The Omnibus does contain a two-year extension of pandemic-related Medicare telehealth flexibilities, as well as an extension of a provision allowing coverage of telehealth services in high deductible health plans with Health Savings Accounts. The legislation would also extend separate COVID-related waivers that allow for the treatment of some emergency department patients and inpatients from their home. The legislation also extends (at 3.5%) an expiring 5% bonus for providers participating in alternative payment models.

 

Physician groups expressed disappointment that Congress would allow any level of reimbursement reduction to go into effect at a time when providers are facing record inflation and staffing shortages, particularly since the legislation extends the 2% Medicare sequester on providers by another year in 2032, to help pay for other priorities in the bill. Overall, the Omnibus contains over $1.6 trillion dollars of spending. The bill is expected to pass by Friday’s deadline without major changes, but EDPMA will closely monitor all amendments and alert members to any relevant changes, if needed.

 

Looking ahead, EDPMA will aggressively pressure legislators for permanent reform to Medicare payment, since these annual last-minute crises cause instability in the Fee Schedule that affects beneficiary access to care.

Updates Released on No Surprises Act Federal IDR Process

As the Federal agencies tasked with implementing the No Surprises Act continue to work through the backlog of disputes that have been stuck in the IDR process with the contractors hired by the Federal government to administer dispute resolutions (referred to as certified independent dispute resolution entities or IDREs), several recent announcements have been made that are important for providers who are seeking to have disputes resolved under the Federal IDR process.

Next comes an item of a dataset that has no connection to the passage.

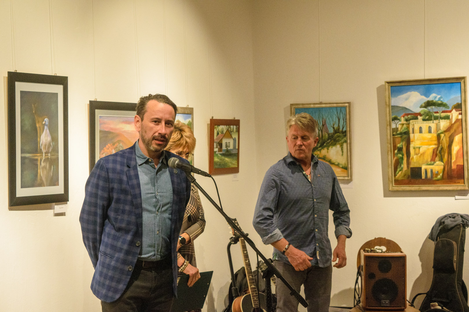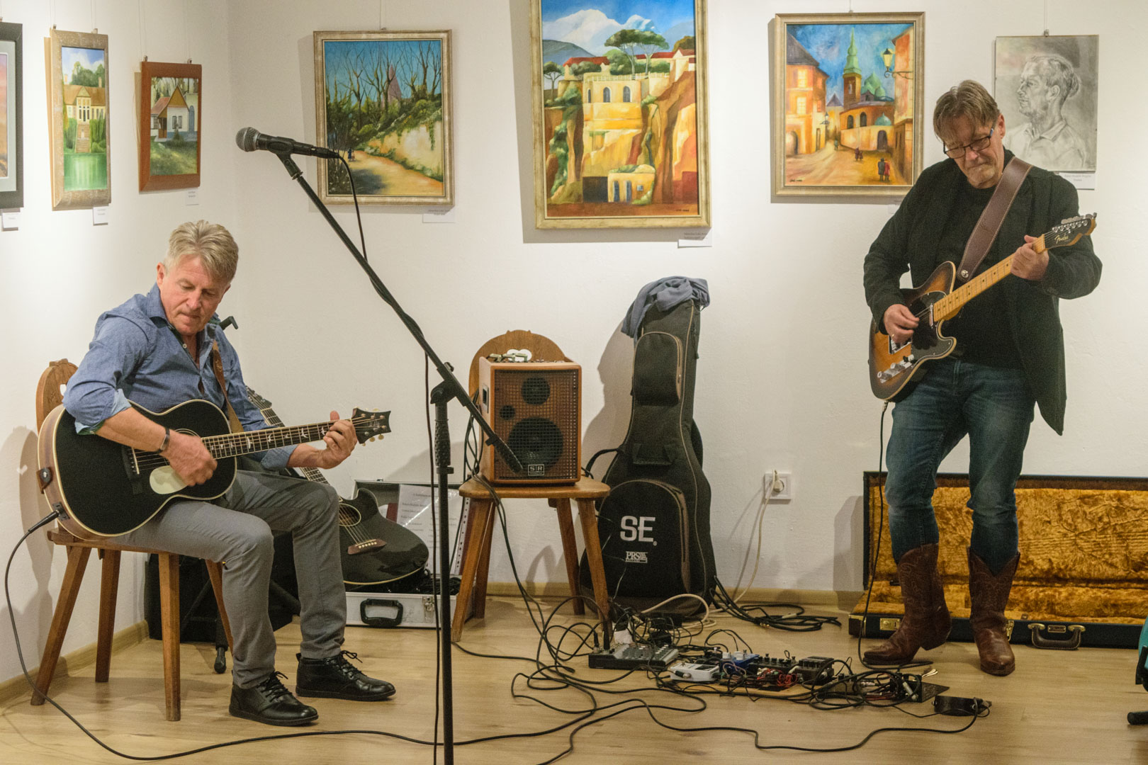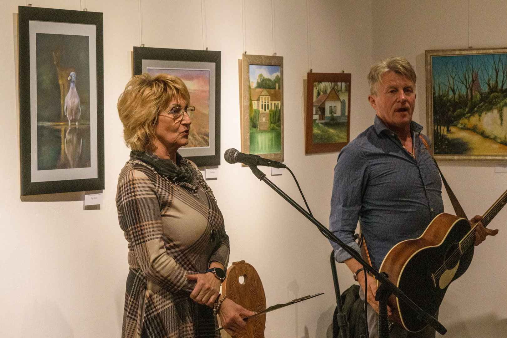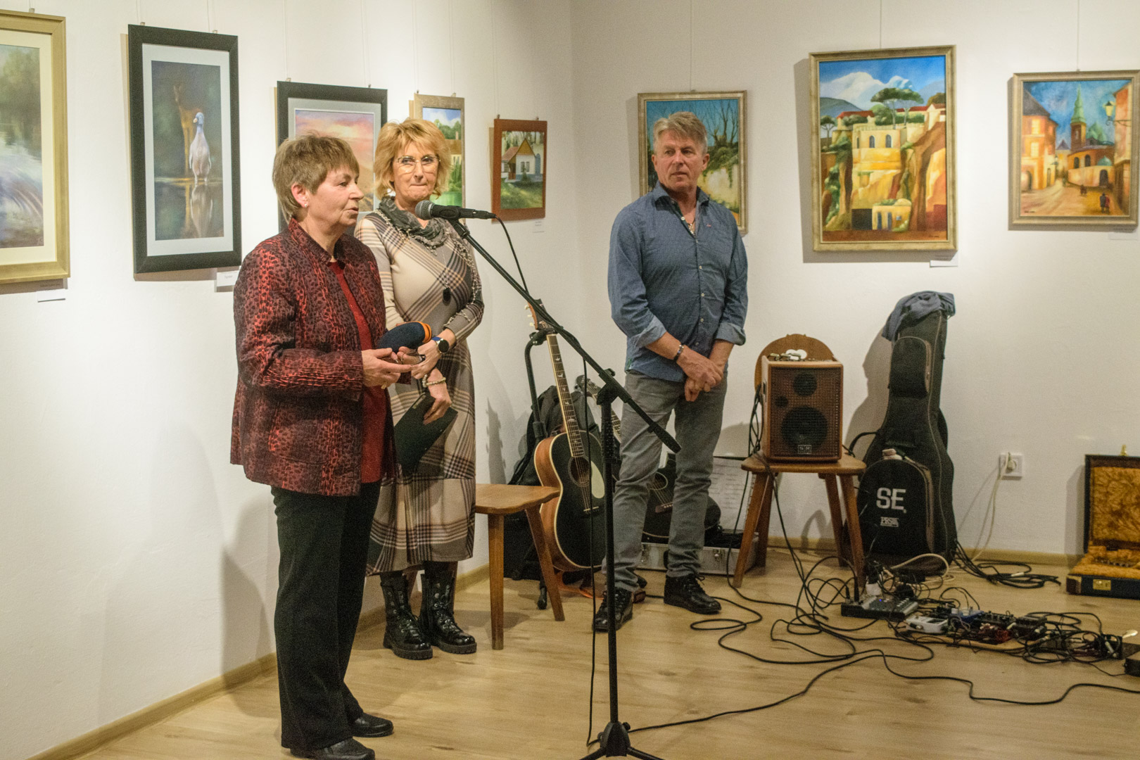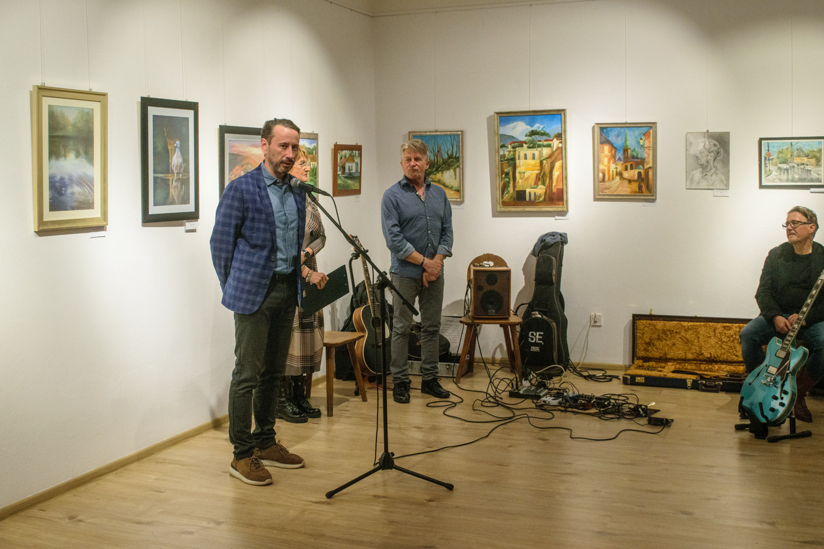 A hangulatot a Mallnitz-duó két gitárosa – egyben a művészetek nyári táborának festőművész-tanárai –, Korbely István és Zoltai Attila teremtette meg, két Pink Floyd dal instrumentrális változatának eljőadásával. A közönséget ezután Fabó Éva köszöntötte, elmondva, hogy Szarka József a múzeum igazgatója családi elfoglaltsága miatt nem tud jelen lenni, de üdvözletét küldi a kiállítóknak és a közönségnek egyaránt. A múzeum restaurátor-művésze ezután az alkotás mibenlétéről, a műhely csendjéről, a megnyitó zsongásáról, a derűről és a 22 alkotó – mint közösség – ünnepéről szólt, leszögezve, hogy az alkotás lényege nem a tökéletesség, hanem a nyitottság. Ennélfogva pedig az alkotás nem a művészek kiváltsága, hanem mindannyiunké, s aki megtalálja az örömöt az alkotásban, az megtalálja az örömöt az életben is. Dr. Bartolák Csaba alpolgármester is üdvözlet tolmácsolásával kezdte megnyitóbeszédét, nevezetesen Hodálik Pál polgármester üdvözletének átadásával, aki szintén más elfoglaltság miatt nem tudott eleget tenni a meghívásnak. Ezután az alpolgármester gimnazista élményeit idézte fel, amikor Szuhaj György péntek délutáni alkotókörének részese lehetett, igaz, csak modellként. A törelemmel végigült két óra emlékének megosztása után reményét fejezte ki, hogy Szarvas városnak is van szerepe az alkotások megszületésében, s örömét, hogy részese lehet a megnyitónak valamint reményét, hogy jövőre is találkozhatunk a szarvasi művészetek nyári táborában született alkotásokkal. Terhesné Szekera Ilona a táborozók nevében köszönte meg a megnyitó gondolatokat valamint a Tessedik Sámuel Múzeumnak, hogy minden évben biztosítja számukra a helyszínt, a Ruzicskay Alkotóházat, valamint alkotótársainak a táborban való részvételt, a kiállításra rendelkezésre bocsátott rajzokat, festményeket. Nem utolsó sorban pedig Korbely Istvánnak a tábort vezető festőművésznek és a vendég művész-tanárnak, Zoltai Attilának a közreműködést. Korbely István ezután név szerint is bemutatta a 2025-ös tábor 22 résztvevőjét, akik 42 képpel szerepelnek a kiállításon.

  • IDRE Reselection Process: As has been the case since the initial implementation of the No Surprises Act, under the Federal IDR process, disputing parties must agree on an IDRE to administer the dispute resolution, and where the parties cannot agree, the regulations allow for the federal agencies to randomly assign the IDRE. Until recently, this “back-and-forth” of selecting an IDRE has been primarily conducted via email communications.  Beginning on December 12th, the U.S. Department of Health and Human Services (HHS) launched a new web functionality intended to streamline this process during the “initiation of IDR” phase. The new form is referred to as the “IDR Entity Reselection Response Form.” HHS has released an instructional video for disputing parties to familiarize themselves with the new process.
  • New Requirement for Parties Challenging IDR Initiation to Provide Documentation: The Centers for Medicare and Medicaid Services (CMS) made a positive announcement that, beginning the week of December 19th, parties that are challenging IDR initiation must now provide documentation in support of their challenge rather than just making unsubstantiated accusations that can slow down the IDR process. As described in the CMS announcement, instances that will now require documentation from health plans when making a challenge to Federal IDR initiation include:
    • “Specified State Law or All-Payer Model Agreement”: If an entity attests that a dispute is eligible for a state process to determine the out-of-network rate, the entity must provide: specific citation(s) for the state law or regulation that constitutes a specified state law or all-payer model agreement that applies to the items or services in the dispute; and documentation that confirms that the state law applies, including proof of the health plan type.
    • “Open Negotiation Not Completed”: If an entity attests that the open negotiation period was not completed for a dispute, the entity must provide: the date when the open negotiation period will be completed; and documentation that confirms the open negotiation start date.
    • Late IDR Initiation: If an entity attests that more than four business days have elapsed since the open negotiation period ended, the entity must provide: the date that was the last day in the four business day period after the open negotiation period; and documentation that confirms when the open negotiation period was initiated for the claim or claims subject to the dispute.
    • Not Covered by NSA”:
      • If an entity attests that a dispute includes items or services not covered under the No Surprises Act, the entity must provide a list of which items and services included in the dispute were not covered under the No Surprises Act and, for each item or service listed, an explanation as to why it is not covered under the No Surprises Act.
      • If an entity attests that a dispute includes items or services that are covered by a coverage type not subject to the No Surprises Act, the entity must provide a list of items or services covered by the coverage type not subject to the No Surprises Act and the coverage type that applies to them.
      • If an entity attests that the coverage year for an item or service in a dispute started prior to the No Surprises Act implementation date of January 1, 2022, the entity must provide: the plan or policy year associated with the dispute; and documentation to confirm the date that the plan or policy year started.
    • Not Covered by Current Insurance Policy: If an entity attests that the dispute includes items or services not covered by the patient’s insurance policy, the entity must provide: a list of items or services in the dispute that are not covered; and documentation that confirms these items or services are not covered by the patient’s insurance policy (such as a copy of the policy).
    • Improperly Batched or Bundled: If an entity attests that a dispute includes items or services that were improperly batched or bundled, the entity must provide a list of the items or services that were improperly batched or bundled, and for each item or service on the list, indicate the batching or bundling requirement that was not met.
    • Cooling Off Period Not Completed: If an entity attests that a 90-calendar-day cooling off period applies to the dispute and has not been completed, the entity must provide: the dispute number for the payment determination that initiated the 90-calendar-day cooling off period; and a copy of the payment determination that initiated the 90-calendar-day cooling off period.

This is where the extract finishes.